Killer robots are a type of science fiction stock character - an artificially intelligent robot with homicidal tendencies, either deliberately programmed into them for the purposes of combat, or accidentally caused by an internal glitch or outside interference. They appear commonly in stories about robots, starting with R.U.R., a 1920 play that introduced the word "robot" into the English lexicon, in which artificial workers decide to rebel and subsequently cause the extinction of humanity. Some organizations, such as Human Rights Watch, have characterized real-life lethal autonomous weapons as "killer robots", while seeking to ban them.
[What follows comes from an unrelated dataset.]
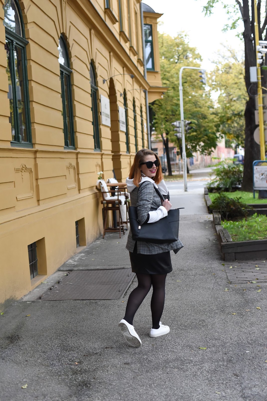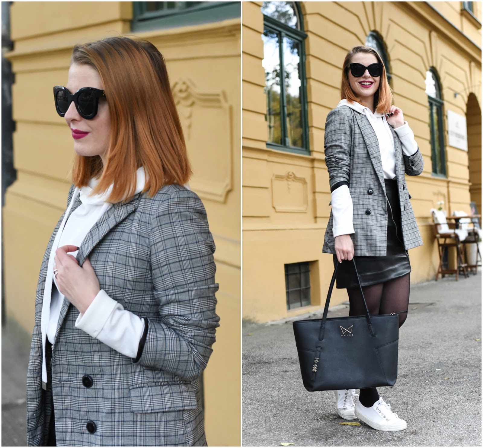 Kárované sako považujem za môj aktuálne najobľúbenejší kúsok a zároveň veľmi variabilný. S obľubou ho nosím k jednoduchým bielym tričkám, košeliam, šatám alebo džínsom. Samozrejme, skvele sa kombinuje aj k ležérnejším mikinám podobne ako v dnešnom outfite. Doladila som k nemu ešte biele tenisky, čiernu koženkovú sukňu a veľká kabelka, kam napchám hocikedy všetko potrebné. Takto sa cítim najlepšie. Priznávam sa, že v posledných dňoch mi ležérnejšie outfity vyhovujú úplne najviac.

The depiction of killer robots reflects existential worry about the potential for harm robots possess.

== In science fiction ==
The 1920 play R.U.R. contains artificial beings that turn on their creators. Later, in 1942, Isaac Asimov wrote Runaround, a short story that introduced the Three Laws of Robotics, a hypothetical set of rules for robots, the first of which prohibits robots from harming humans, and the potential conflicts that may cause robots to disobey them.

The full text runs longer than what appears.